Problem: All of the records that follow need to be copied word for word, without the pictures.

Input records:

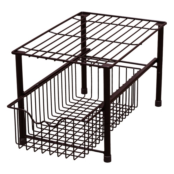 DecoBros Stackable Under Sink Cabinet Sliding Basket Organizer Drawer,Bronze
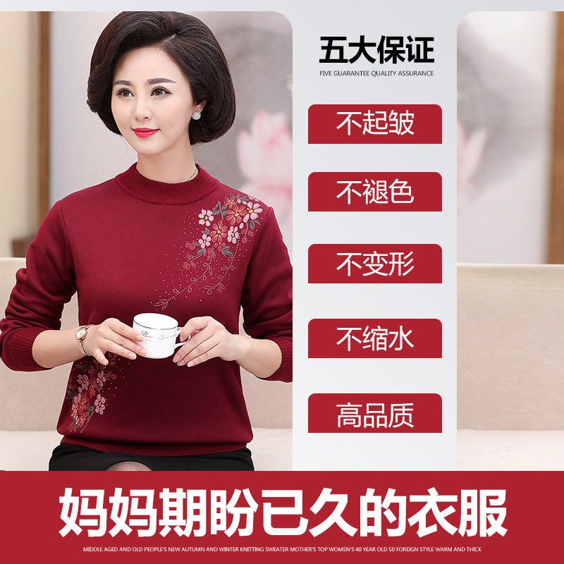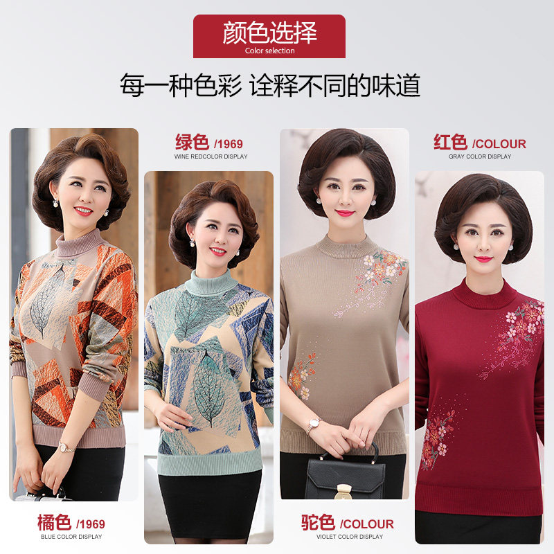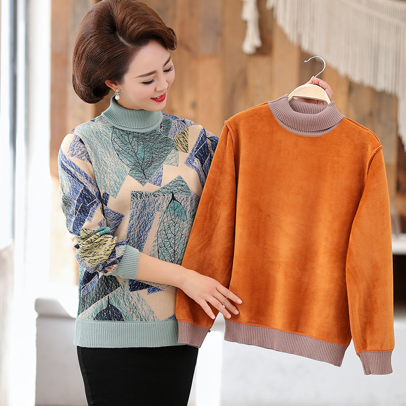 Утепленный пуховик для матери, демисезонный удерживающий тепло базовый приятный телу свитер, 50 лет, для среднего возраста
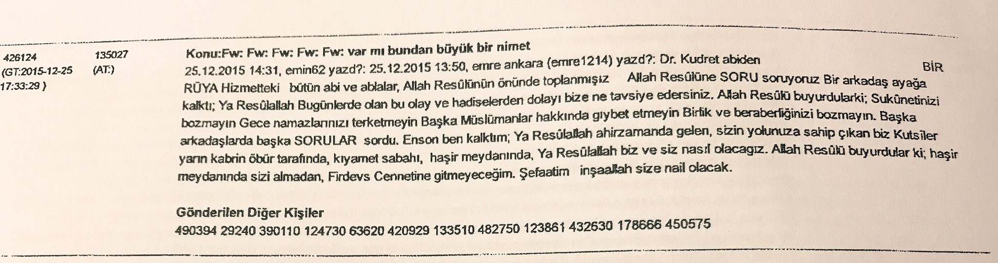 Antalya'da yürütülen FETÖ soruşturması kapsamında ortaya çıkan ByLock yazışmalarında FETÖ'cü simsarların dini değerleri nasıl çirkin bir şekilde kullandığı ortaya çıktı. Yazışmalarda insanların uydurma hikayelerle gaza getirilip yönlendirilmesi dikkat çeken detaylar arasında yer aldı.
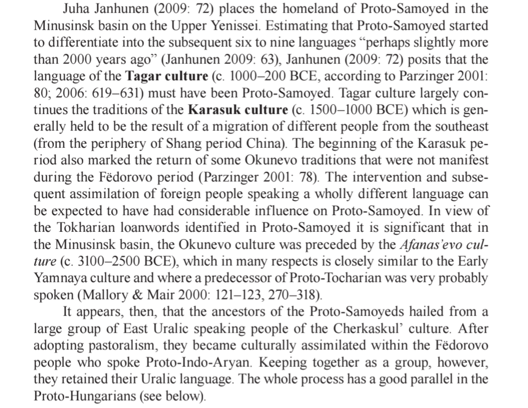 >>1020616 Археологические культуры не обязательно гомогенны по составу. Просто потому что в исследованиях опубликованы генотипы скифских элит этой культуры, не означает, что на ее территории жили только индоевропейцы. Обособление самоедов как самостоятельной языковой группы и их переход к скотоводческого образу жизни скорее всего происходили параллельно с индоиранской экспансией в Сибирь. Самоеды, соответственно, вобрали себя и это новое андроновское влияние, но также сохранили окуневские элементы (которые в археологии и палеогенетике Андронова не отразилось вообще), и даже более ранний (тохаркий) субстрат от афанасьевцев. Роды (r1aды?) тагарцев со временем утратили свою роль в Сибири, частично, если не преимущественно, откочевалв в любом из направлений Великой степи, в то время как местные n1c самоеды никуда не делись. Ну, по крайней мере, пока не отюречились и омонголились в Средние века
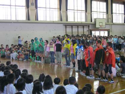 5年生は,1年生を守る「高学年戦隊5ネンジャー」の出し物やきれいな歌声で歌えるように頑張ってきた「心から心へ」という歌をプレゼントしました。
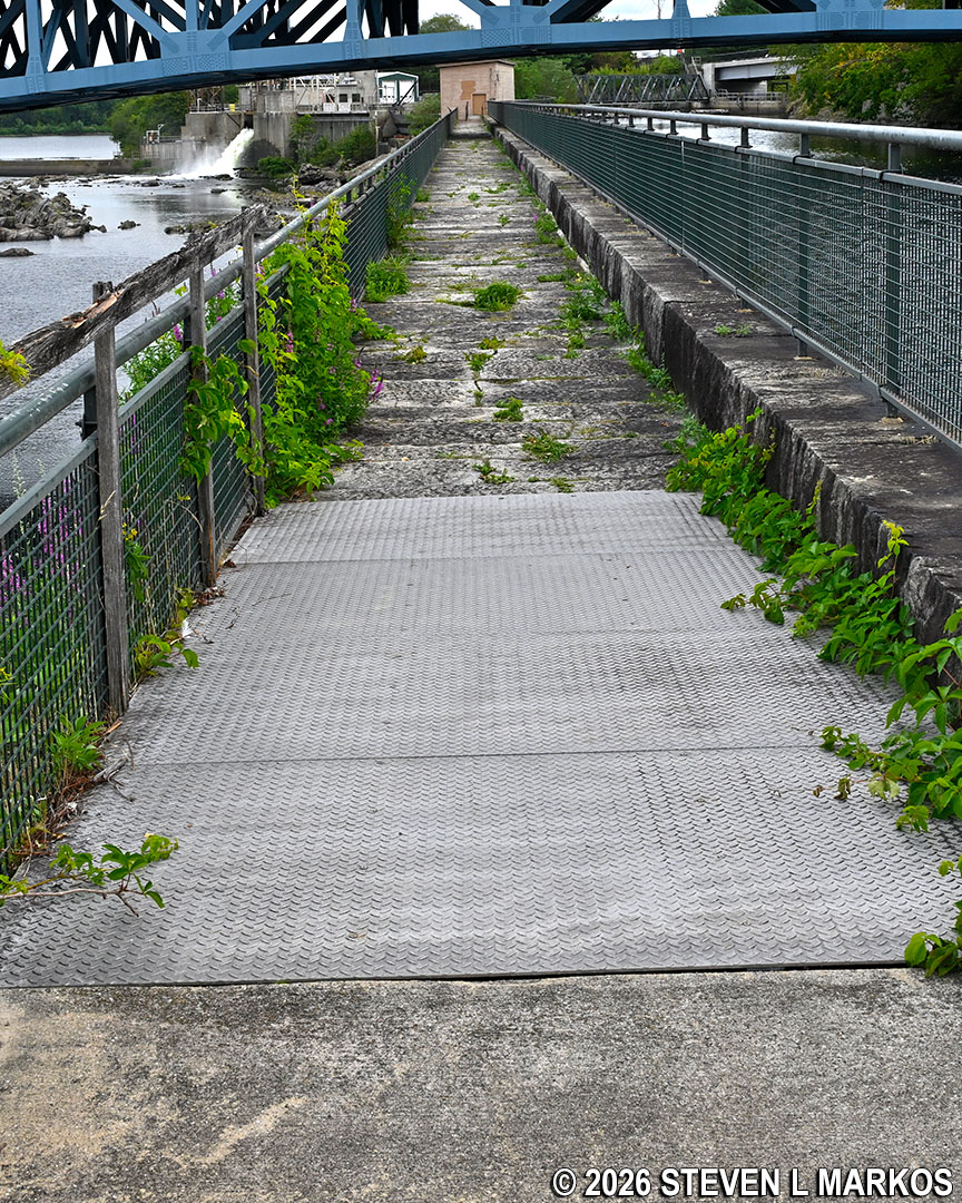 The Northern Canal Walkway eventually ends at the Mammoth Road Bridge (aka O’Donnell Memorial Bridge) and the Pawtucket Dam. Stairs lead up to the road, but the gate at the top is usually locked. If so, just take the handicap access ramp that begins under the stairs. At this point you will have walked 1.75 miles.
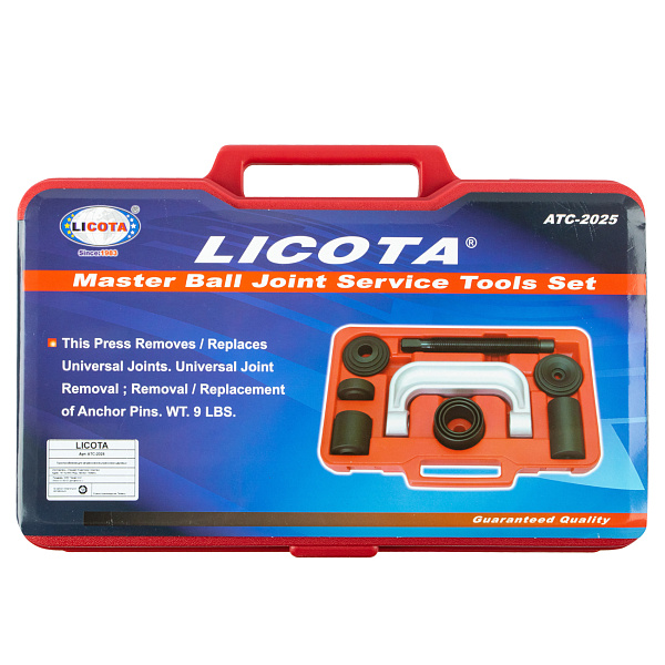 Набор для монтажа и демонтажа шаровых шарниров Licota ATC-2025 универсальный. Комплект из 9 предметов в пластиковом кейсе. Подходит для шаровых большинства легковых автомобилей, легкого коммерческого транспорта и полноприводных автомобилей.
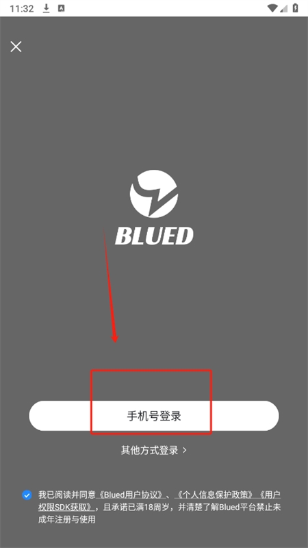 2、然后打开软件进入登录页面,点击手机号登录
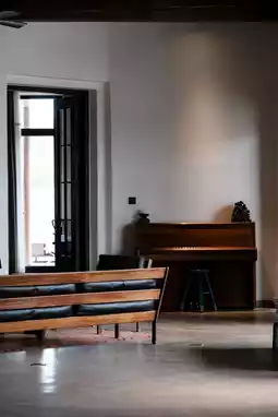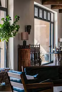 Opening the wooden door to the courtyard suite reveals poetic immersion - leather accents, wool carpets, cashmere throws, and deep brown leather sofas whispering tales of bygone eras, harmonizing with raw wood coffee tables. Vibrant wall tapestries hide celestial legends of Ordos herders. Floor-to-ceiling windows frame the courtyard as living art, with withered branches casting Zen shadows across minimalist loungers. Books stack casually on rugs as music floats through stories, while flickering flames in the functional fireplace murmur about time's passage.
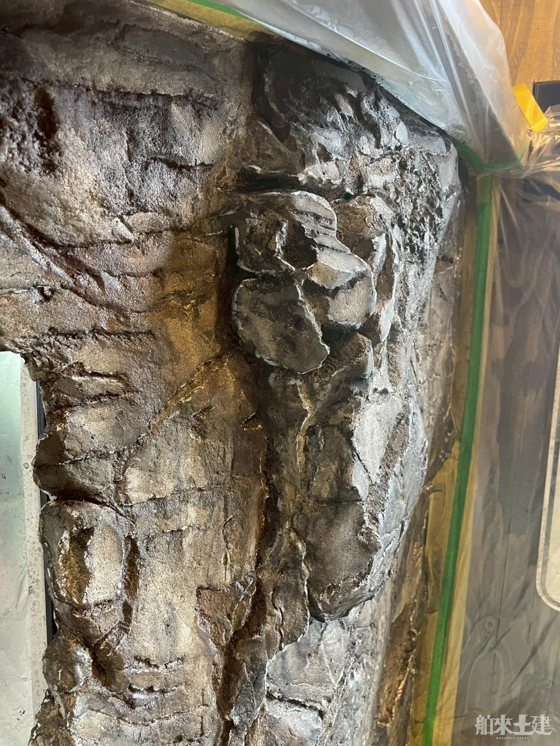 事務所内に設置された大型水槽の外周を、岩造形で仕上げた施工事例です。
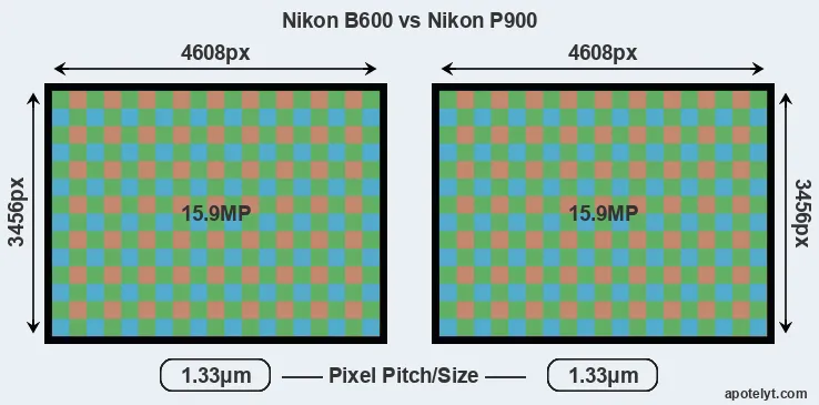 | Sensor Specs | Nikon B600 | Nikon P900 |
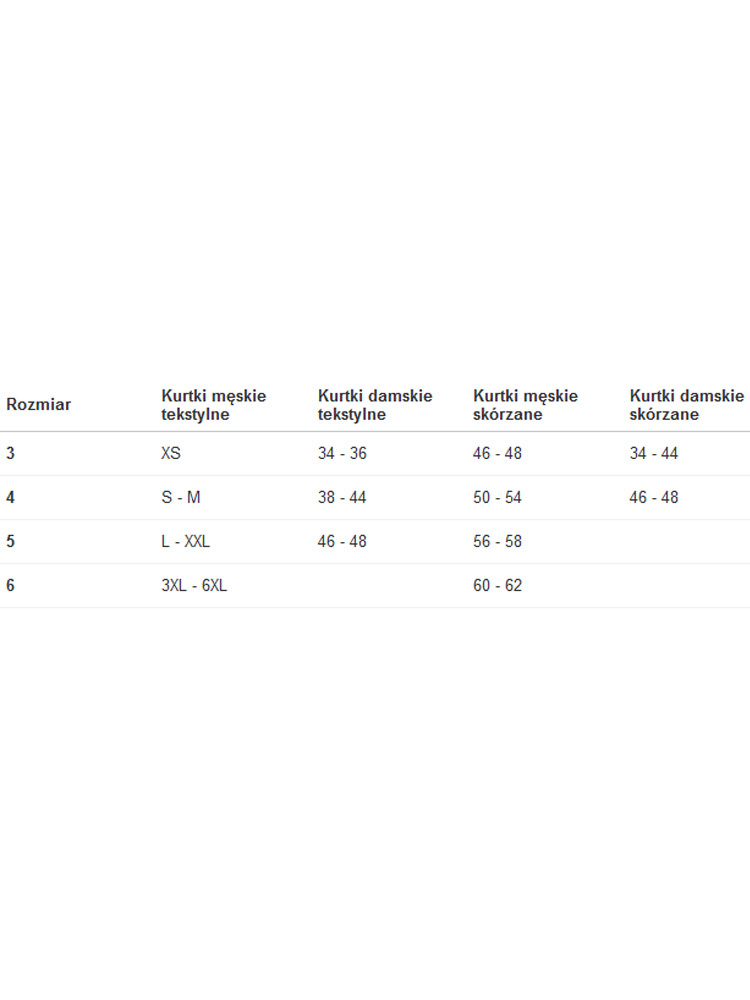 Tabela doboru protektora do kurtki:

Reply:
 DecoBros Stackable Under Sink Cabinet Sliding Basket Organizer Drawer,Bronze
 Утепленный пуховик для матери, демисезонный удерживающий тепло базовый приятный телу свитер, 50 лет, для среднего возраста
 Antalya'da yürütülen FETÖ soruşturması kapsamında ortaya çıkan ByLock yazışmalarında FETÖ'cü simsarların dini değerleri nasıl çirkin bir şekilde kullandığı ortaya çıktı. Yazışmalarda insanların uydurma hikayelerle gaza getirilip yönlendirilmesi dikkat çeken detaylar arasında yer aldı.
 >>1020616 Археологические культуры не обязательно гомогенны по составу. Просто потому что в исследованиях опубликованы генотипы скифских элит этой культуры, не означает, что на ее территории жили только индоевропейцы. Обособление самоедов как самостоятельной языковой группы и их переход к скотоводческого образу жизни скорее всего происходили параллельно с индоиранской экспансией в Сибирь. Самоеды, соответственно, вобрали себя и это новое андроновское влияние, но также сохранили окуневские элементы (которые в археологии и палеогенетике Андронова не отразилось вообще), и даже более ранний (тохаркий) субстрат от афанасьевцев. Роды (r1aды?) тагарцев со временем утратили свою роль в Сибири, частично, если не преимущественно, откочевалв в любом из направлений Великой степи, в то время как местные n1c самоеды никуда не делись. Ну, по крайней мере, пока не отюречились и омонголились в Средние века
 5年生は,1年生を守る「高学年戦隊5ネンジャー」の出し物やきれいな歌声で歌えるように頑張ってきた「心から心へ」という歌をプレゼントしました。
 The Northern Canal Walkway eventually ends at the Mammoth Road Bridge (aka O’Donnell Memorial Bridge) and the Pawtucket Dam. Stairs lead up to the road, but the gate at the top is usually locked. If so, just take the handicap access ramp that begins under the stairs. At this point you will have walked 1.75 miles.
 Набор для монтажа и демонтажа шаровых шарниров Licota ATC-2025 универсальный. Комплект из 9 предметов в пластиковом кейсе. Подходит для шаровых большинства легковых автомобилей, легкого коммерческого транспорта и полноприводных автомобилей.
 2、然后打开软件进入登录页面,点击手机号登录
 Opening the wooden door to the courtyard suite reveals poetic immersion - leather accents, wool carpets, cashmere throws, and deep brown leather sofas whispering tales of bygone eras, harmonizing with raw wood coffee tables. Vibrant wall tapestries hide celestial legends of Ordos herders. Floor-to-ceiling windows frame the courtyard as living art, with withered branches casting Zen shadows across minimalist loungers. Books stack casually on rugs as music floats through stories, while flickering flames in the functional fireplace murmur about time's passage.
 事務所内に設置された大型水槽の外周を、岩造形で仕上げた施工事例です。
 | Sensor Specs | Nikon B600 | Nikon P900 |
 Tabela doboru protektora do kurtki:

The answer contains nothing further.